The goal of this project was to build a machine learning model that predicts house prices based on various features such as location, number of rooms, population, and proximity to the ocean. Accurate house price prediction helps real estate businesses, buyers, and sellers make data-driven decisions.
Key Steps:
Data Preprocessing
Cleaned missing values and handled outliers.
Performed feature engineering (e.g., created new features like Rooms per Household).
Standardized numerical data for SVM and encoded categorical features.
Exploratory Data Analysis (EDA)
Visualized distributions and correlations using Matplotlib & Seaborn.

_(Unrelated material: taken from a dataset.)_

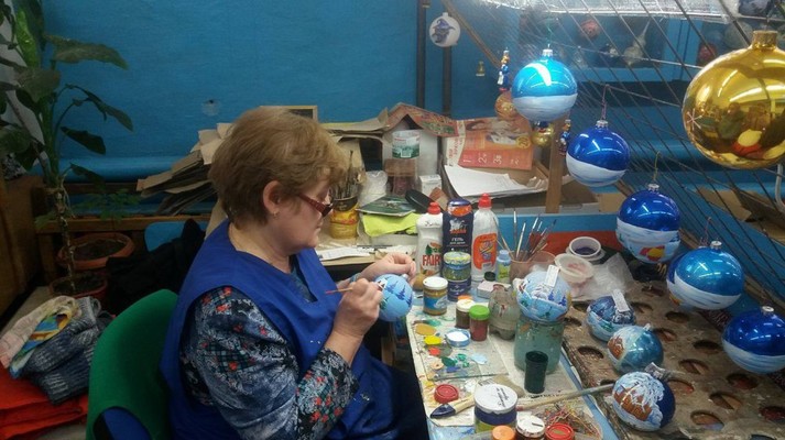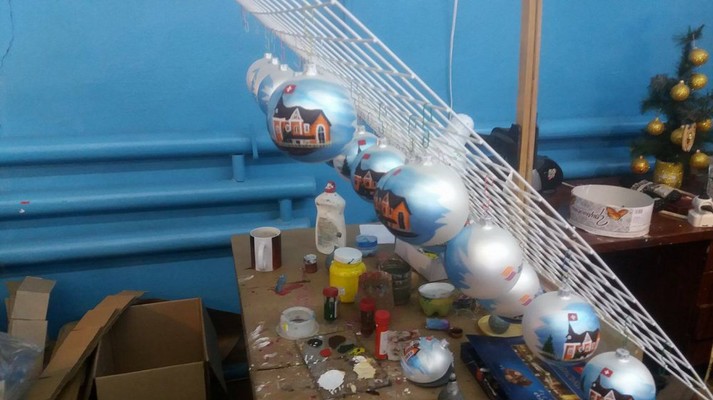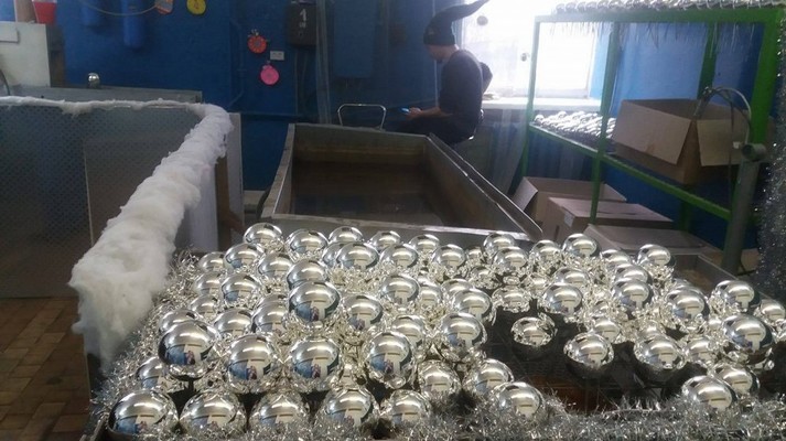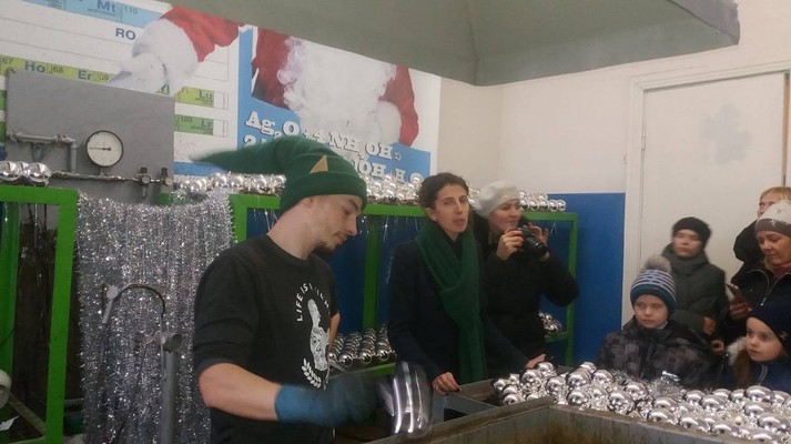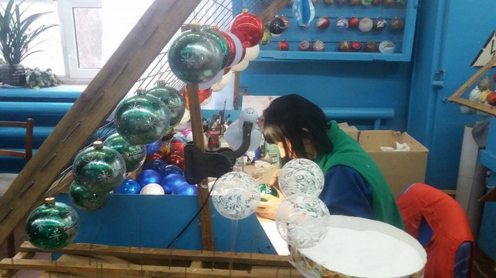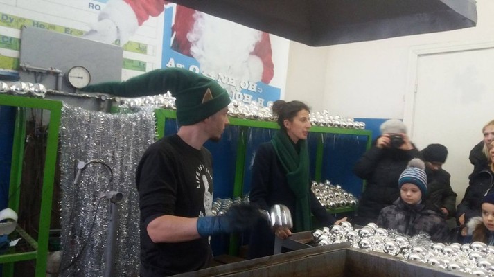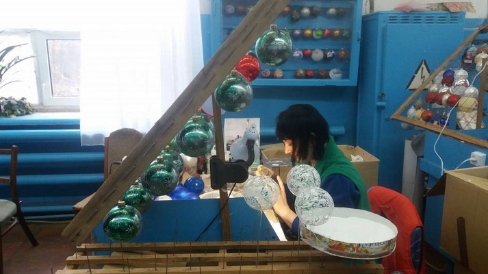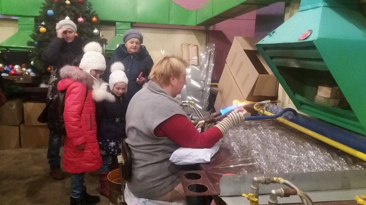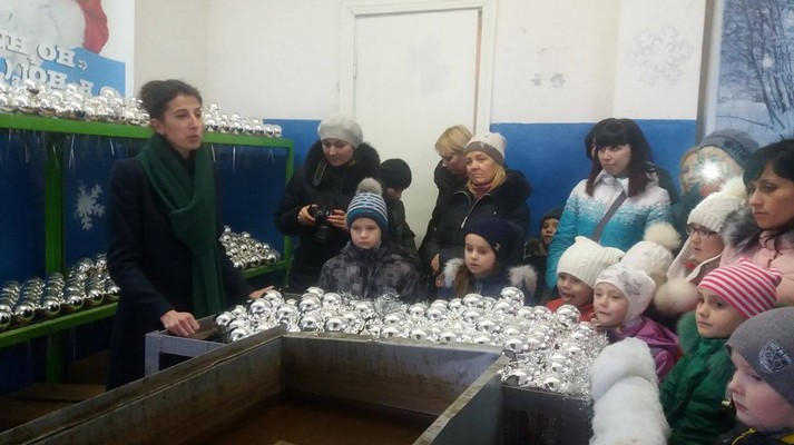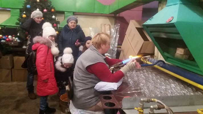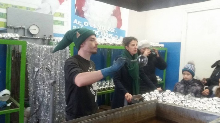 Колись фабрика була створена для виробництва пробірок і медичного обладнання, продовжує екскурсовод. - Потім перекваліфікувалася у фабрику ялинкових прикрас. Тут виробляли українські гірлянди та закручений дощик. Зараз лише іграшки і то під замовлення

Identified key factors influencing house prices (e.g., median income, location).
Modeling
Support Vector Machine (SVM): Applied regression with RBF kernel for capturing complex relationships.
XGBoost: Used gradient boosting to handle non-linearities and interactions efficiently.
Model Evaluation
Compared models using RMSE (Root Mean Squared Error) and R² Score.
Found that XGBoost outperformed SVM with lower prediction error and better generalization.
Results
XGBoost achieved strong predictive accuracy, making it suitable for real-world deployment.
Delivered visualizations showing actual vs. predicted house prices.
Tech Stack:
Python, Pandas, NumPy
Scikit-learn
XGBoost
Matplotlib, Seaborn
Impact:
This project demonstrates the ability to apply advanced machine learning techniques to real-world problems, providing insights that can assist in real estate valuation and decision-making.